The balanced equation for the combustion of a hydrocarbon is:
CnHm + (n + m/2)O2 → nCO2 + m/2H2O
We first need to calculate the moles of CO2 and H2O produced. Given that the volume is 79.9 L and the pressure is 1.00 atm, we can use the ideal gas law to find the number of moles of CO2:
PV = nRT
n = PV/RT
Since the pressure, volume, and temperature are given, we can substitute these values into the equation along with the value of the gas constant R, which is 0.0821 L·atm/(K·mol).
We can repeat the same calculation for H2O.
Next, we need to calculate the heat released by the combustion reaction. This can be done using the formula:
ΔH = Σ(ΔHf products) - Σ(ΔHf reactants)
We can substitute the values of ΔHf for CO2 and H2O into this equation. Given that the heat released is 4.24 × 10^3 kJ, we can calculate the value of ΔH for the reactant hydrocarbon.
Finally, we can compare the calculated ΔH of the hydrocarbon to the given values of ΔHf for the options provided to identify the correct hydrocarbon.
Remember, chemistry can be explosive, but it always has its solutions!
I hope this explanation helps you find the answer. Good luck!
To identify the hydrocarbon, we can use the heat of combustion equation and the given information. The heat of combustion (ΔHc) can be calculated using the equation:
ΔHc = n * ΔH(products) - ΔH(reactants)
where n is the stoichiometric coefficient of the hydrocarbon.
Let's calculate the moles of the hydrocarbon present in the 79.9 L sample using the Ideal Gas Law:
PV = nRT
n = PV / RT
n = (1.00 atm * 79.9 L) / (0.0821 L · atm/(K · mol) * (25.0 + 273) K)
n = 3.22 mol
Now, let's calculate ΔHc using the heat of formation values for the products and reactants:
ΔHc = n * (ΔH(CO2) + ΔH(H2O)) - 4.24 × 10^3 kJ
ΔHc = 3.22 mol * (-393.5 kJ/mol + -285.8 kJ/mol) - 4.24 × 10^3 kJ
ΔHc = -1250.94 kJ - 4.24 × 10^3 kJ
ΔHp = -5493.94 kJ
Now, let's check which hydrocarbon matches this value:
A) ethane: ΔHc = -84.68 kJ/mol * 3.22 mol = -272.29 kJ
B) ethylene: ΔHc = 52.47 kJ/mol * 3.22 mol = 168.89 kJ
C) propane: ΔHc = -104.7 kJ/mol * 3.22 mol = -337.53 kJ
D) acetylene: ΔHc = 226.73 kJ/mol * 3.22 mol = 730.27 kJ
E) propylene: ΔHc = 20.41 kJ/mol * 3.22 mol = 65.78 kJ
None of the options match the calculated ΔHc value of -5493.94 kJ. Therefore, none of the given hydrocarbons is the correct identity for the hydrocarbon.
To determine the identity of the hydrocarbon, we need to calculate the heat released from the combustion reaction and compare it to the enthalpies of formation of the potential hydrocarbons.
First, let's calculate the heat released from the combustion reaction using the given information:
q = -ΔH (since the heat is released)
q = -4.24 × 10^3 kJ
Now, let's calculate the number of moles of the hydrocarbon.
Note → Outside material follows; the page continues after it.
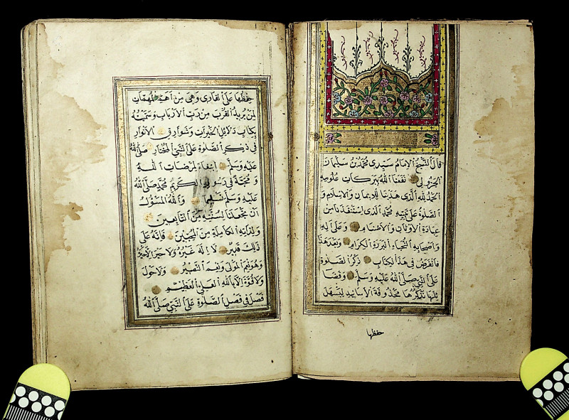 $aالنسخة خزائنية وفي بداية كل حزب توجد لوحة مزخرفة وملونة.
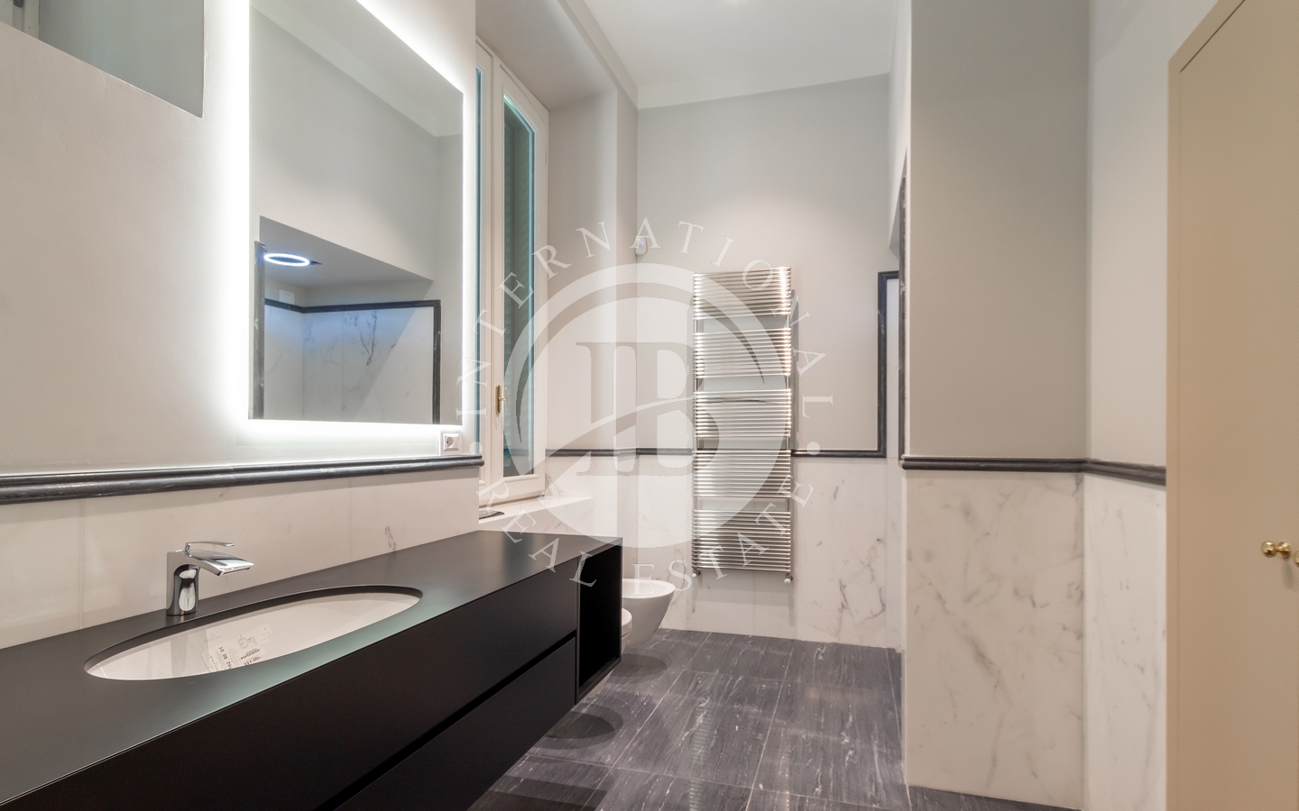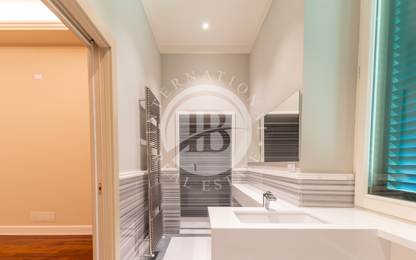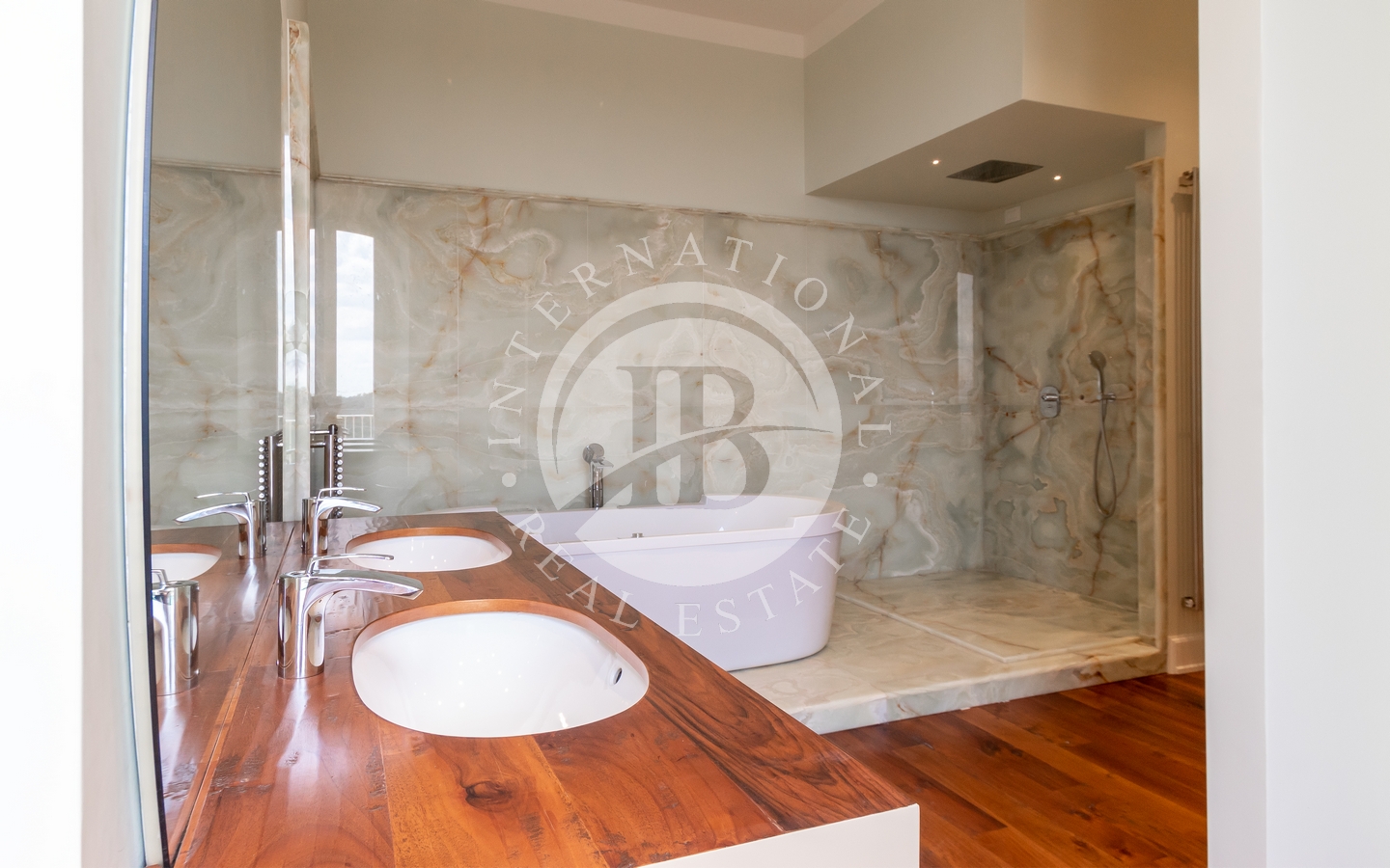 Al piano superiore, tre ampie suite con cabine armadio, ciascuna con il proprio bagno, offrono il massimo comfort. Il piano mansardato è stato trasformato in una spaziosa mansarda con tre ampie stanze, raggiungibili sia tramite una scala che un ascensore.

We can use the ideal gas law equation, PV = nRT, to find the number of moles:
PV = nRT
n = PV / RT
Given:
P = 1.00 atm
V = 79.9 L
R = 0.0821 L · atm/(K · mol)
T = 25.0°C + 273.15 = 298.15 K
n = (1.00 atm) * (79.9 L) / (0.0821 L · atm/(K · mol) * 298.15 K)
Next, let's calculate the moles of CO2 and H2O produced in the combustion reaction. From the balanced equation, we know that one mole of hydrocarbon will produce one mole of CO2 and one mole of H2O.
Now, let's calculate the heat released per mole of hydrocarbon:
ΔH_per_mole = q / n
Finally, let's compare the calculated ΔH_per_mole to the enthalpies of formation (H°f) of the potential hydrocarbons and identify the hydrocarbon with the matching value.
The hydrocarbon that has an enthalpy of formation (H°f) value matching the calculated ΔH_per_mole is the identity of the hydrocarbon.
Let's calculate the answer using the formula and the given data.